Ontem assistia a um telejornal. Notícia sem link, sem imagem, sem repórter, sem reportagem. Notícia na boca do apresentador. Durou 15 segundos. Criança foi morta por não-sei-quem em não-sei-onde. Na seqüência, 15 minutos de links, imagens, reportagens e repórteres, transeuntes, polícia, advogados, promotores, refletores de caso Isabella Nardoni. Que encontrem os culpados e lhes apliquem a punição adequada. Mas que também encontrem os culpados e lhes apliquem a punição adequada no caso da criança anônima – sem holofotes, sem destaque, anônima, mera rubrica, traço, troço – dos 15 segundos. E da outra criança anônima morta também por alguém no meio da semana, esta com 10 segundos apenas de menção, em outro telejornal, em outra cidade, mas no mesmo país. E que encontrem os culpados e que lhes apliquem a punição adequada no caso de tantas crianças indigentes indigestas deixadas mortas violentadas esquecidas mal paridas desprezadas cansadas como eu, sentidas sem valor sem vida sem comida sem estupor sem futuro só no escuro, crianças que não têm nem um segundo de atenção crianças tantas desse Brasil que me, te, os, as, nos, vos pariu. E... se os culpados também formos nós?

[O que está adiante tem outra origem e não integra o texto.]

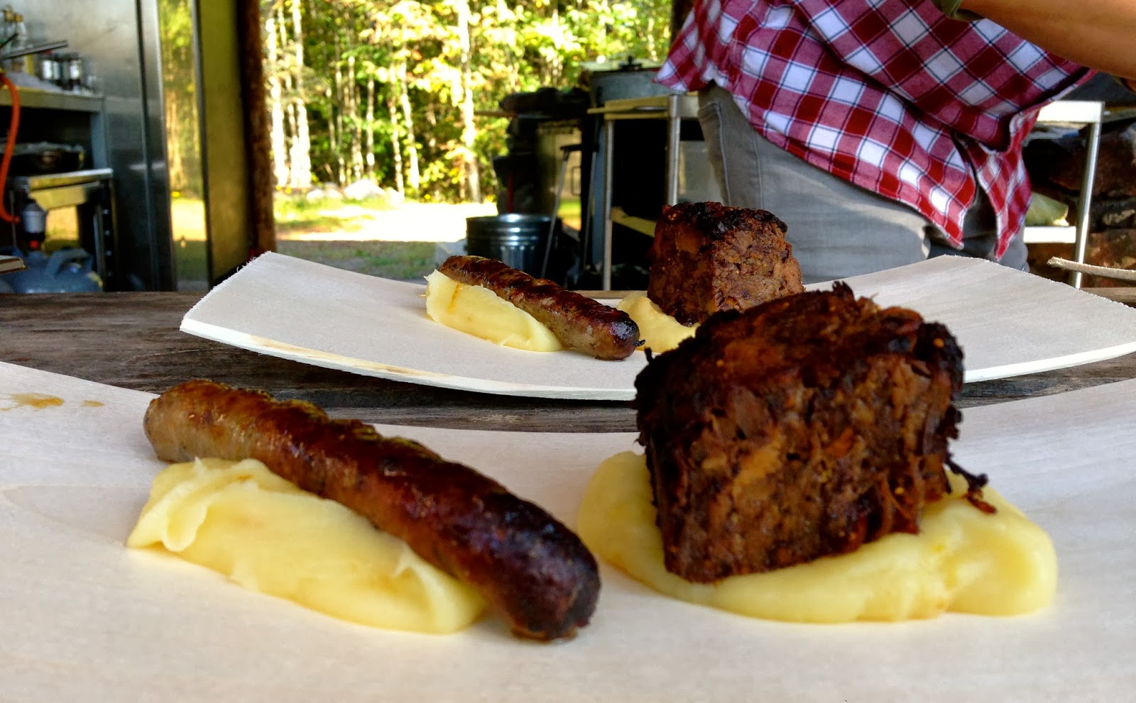 Villisika rillette tarjoiltiin palsternakkapyreen ja villisika aurinkokuivattutomaatti/parmesan makkaran kanssa. En edes muista minä vuonna olen viimeksi syönyt makkaraa… mutta täytyy kyllä myöntää, että tämä oli hyvää. Ja niin luomua lähiruokaa kuin olla ja voi.

Pessoa! Travessia. Pessoas! Vamos.
Não fechem meu espaço aéreo. E o espaço aéreo etéreo esquecido olvidado apagado de Eldorado dos Carajás? Vigário Geral? Candelária? Irmã Dorothy Stang? Raposa Serra do Sol? Do agricultor morto esta semana lá no Pará por denunciar a ação nefasta das madeireiras livres leves e cínicas? E os mortos do Carandiru? Fecharam o espaço aéreo quando da prisão dos criminosos culpados assassinos daquela família queimada viva no carro no interior de São Paulo? A turba, a polícia, a mídia, os políticos – queremos a cueca usada do Abadía!!! Os cartões corporativos!

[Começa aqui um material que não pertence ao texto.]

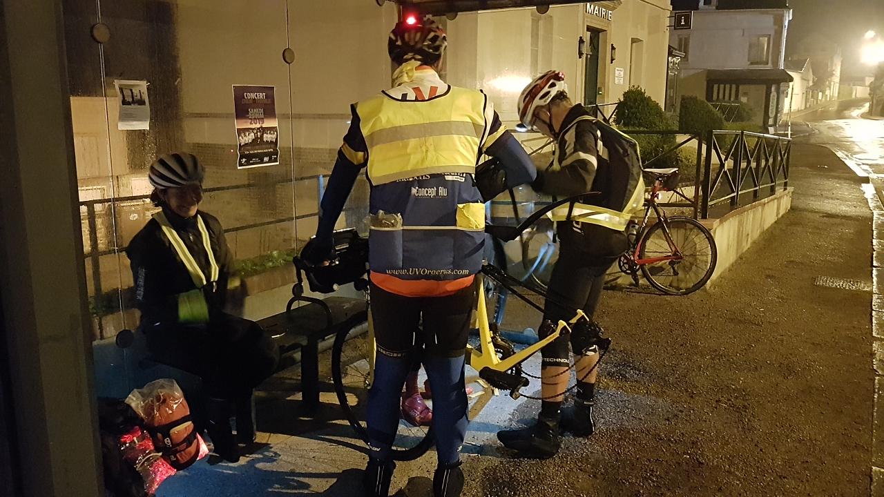 On repart pour le deuxième tronçon, direction Houlgate. La nuit tombe doucement. La pluie, plus fort. Ça roule bien, régulier. Arrivée à Houlgate (km 205) peu avant 23 heures : 29 de moyenne… est-ce bien raisonnable (me dit mon genou) ? On tente de forcer le passage dans une crêperie, mais c'est trop tard, ils ne servent plus. Ce sera donc le café des cyclos (ainsi rebaptisé vu l'affluence du jour), mais rien à manger là non plus. On tape donc dans nos réserves perso en espérant tenir toute la nuit. Valérie enfile sa robe de soirée – comprenez les épaisseurs nécessaires pour traverser les fraicheurs nocturnes.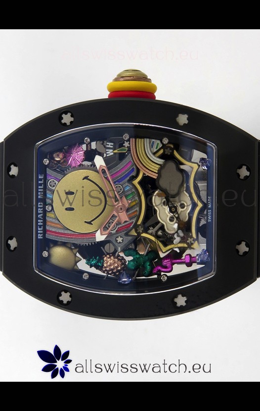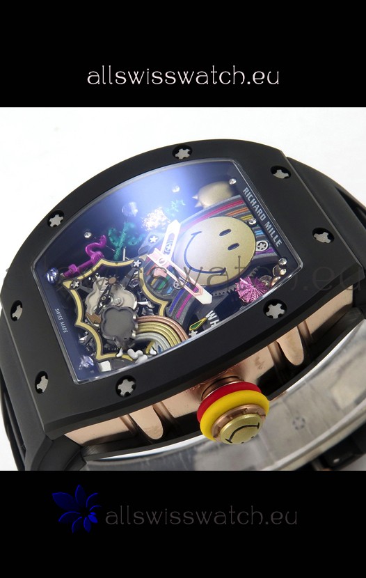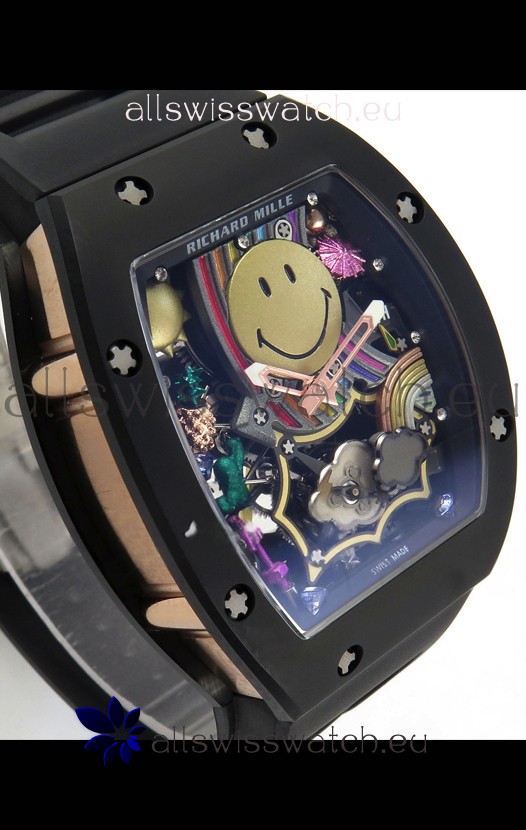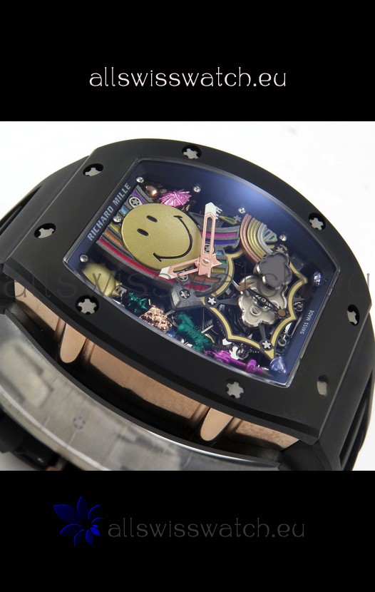 Richard Mille Super Clone RM088 Smiley Tourbillon Black Ceramic Rubber Strap Watch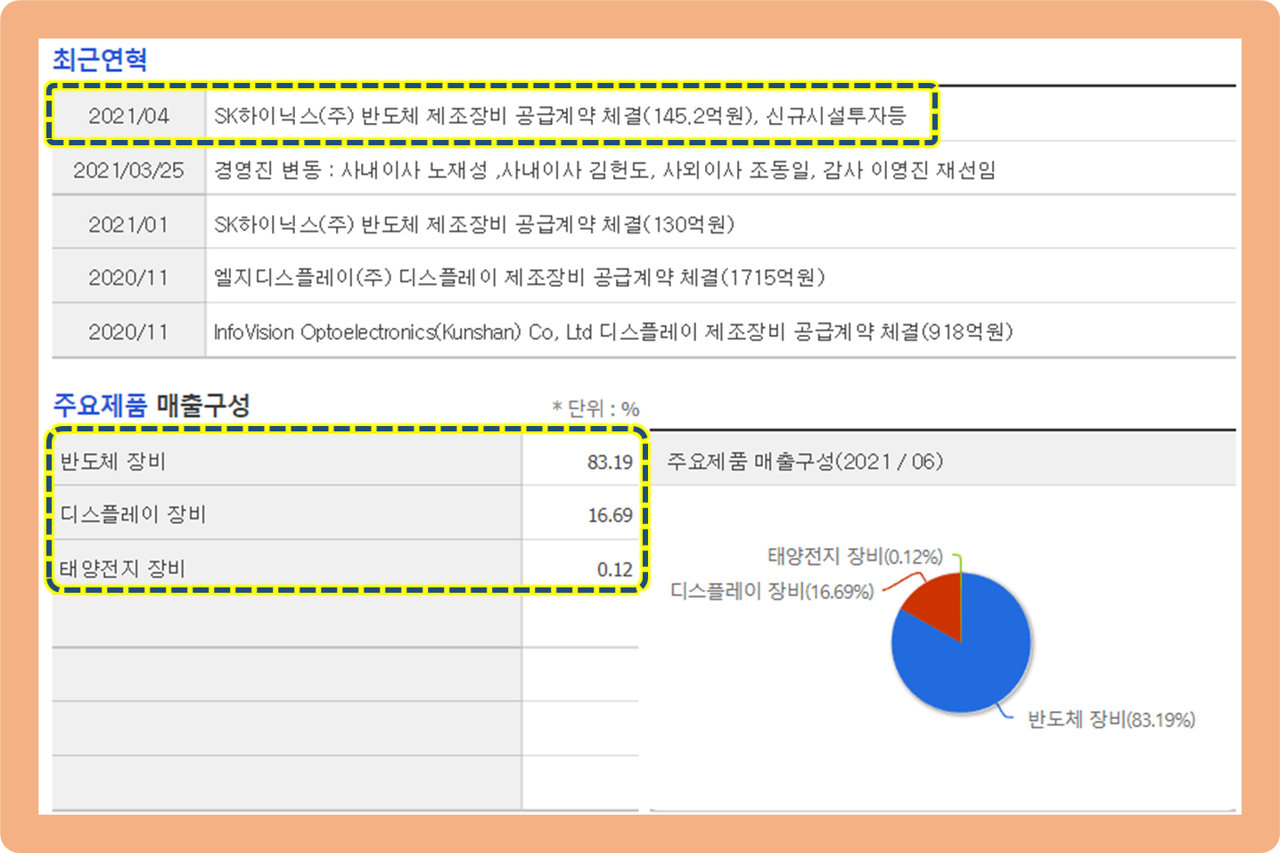 (아직 표에는 반영이 되지 않았지만, 지난 2021년 7월에도 SK하이닉스와 약 121억원 규모의 반도체 제조장비 공급 계약 소식도 있었죠.)

Pergunta: Menino, o que você quer fazer? Resposta-roleta: Ganhar o BBB ou ser reitor da UnB!
E você, poeta?
“O meu olhar é nítido como um girassol./ Tenho o costume de andar pelas estradas/ Olhando para a direita e para a esquerda,/ E de vez em quando olhando para trás.../ E o que vejo a cada momento/ É aquilo que nunca antes eu tinha visto,/ E eu sei dar por isso muito bem ../ Sei ter o pasmo essencial/ Que tem uma criança se, ao nascer,/ Reparasse que nascera deveras.../ Sinto-me nascido a cada momento/ Para a eterna novidade do mundo ...” Para a eterna novidade do mundo, caro Caeiro! Nascendo-me já, descanso e não mais cansada caminho, feito girassol.

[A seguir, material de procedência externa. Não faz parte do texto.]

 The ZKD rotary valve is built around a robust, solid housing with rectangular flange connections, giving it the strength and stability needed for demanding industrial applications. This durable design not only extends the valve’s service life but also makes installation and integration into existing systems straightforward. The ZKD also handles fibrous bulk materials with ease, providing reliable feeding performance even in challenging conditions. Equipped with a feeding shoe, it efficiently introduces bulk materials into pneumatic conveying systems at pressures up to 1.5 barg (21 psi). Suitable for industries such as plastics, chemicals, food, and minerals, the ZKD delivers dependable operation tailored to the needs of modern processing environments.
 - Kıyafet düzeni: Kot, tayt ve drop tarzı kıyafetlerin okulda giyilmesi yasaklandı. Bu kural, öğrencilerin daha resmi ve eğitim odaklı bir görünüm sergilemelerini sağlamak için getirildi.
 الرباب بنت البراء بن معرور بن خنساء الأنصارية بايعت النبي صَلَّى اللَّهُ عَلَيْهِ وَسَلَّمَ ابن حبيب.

“E vivam os dólares e os euros das Olimpíadas, danem-se os monges e seus protestos, danem-se todos, iraquianos e afegãos, leio a Veja e me basto, faço sexo mas me castro, tirando a sensibilidade humana que me caracterizaria”, grita um homem de um milhão de dólares, adorado por muitos, invejado por tantos, até por uma vizinha minha, mulher de bom coração. Deus! Deus! Por que nos abandonastes? Ou fomos nós que O/A (heresia!) abandonamos para estar com nossa mesquinha pequenez tosca de auto-suficientes heróis dos tempos?
Miscelânea, você pode dizer. Faltam-lhe objetividade, português castiço, centímetros a mais nas pernas e nos cabelos, quilos a menos, isso é dor-de-cotovelo de desempregada fingindo-se de libertada, mulher encalhada e mal-amada, feia, poros abertos, cravos, cruz. Corrijo: via-sacra, sacra mas não dolorosa, dolorida mas não de sofrimento: de vida.
O que digo, o que grito, o que então?
Fiquem com seu pseudocaminhão, que eu sigo – cansada mesmo, embora tão empolgada e disposta – o meu caminho. Ao lado de Pessoa, de Pessoas, pessoando, pessoaizando, girassol, criança recém-parida, partindo para, humaníssima, irmanada, claro.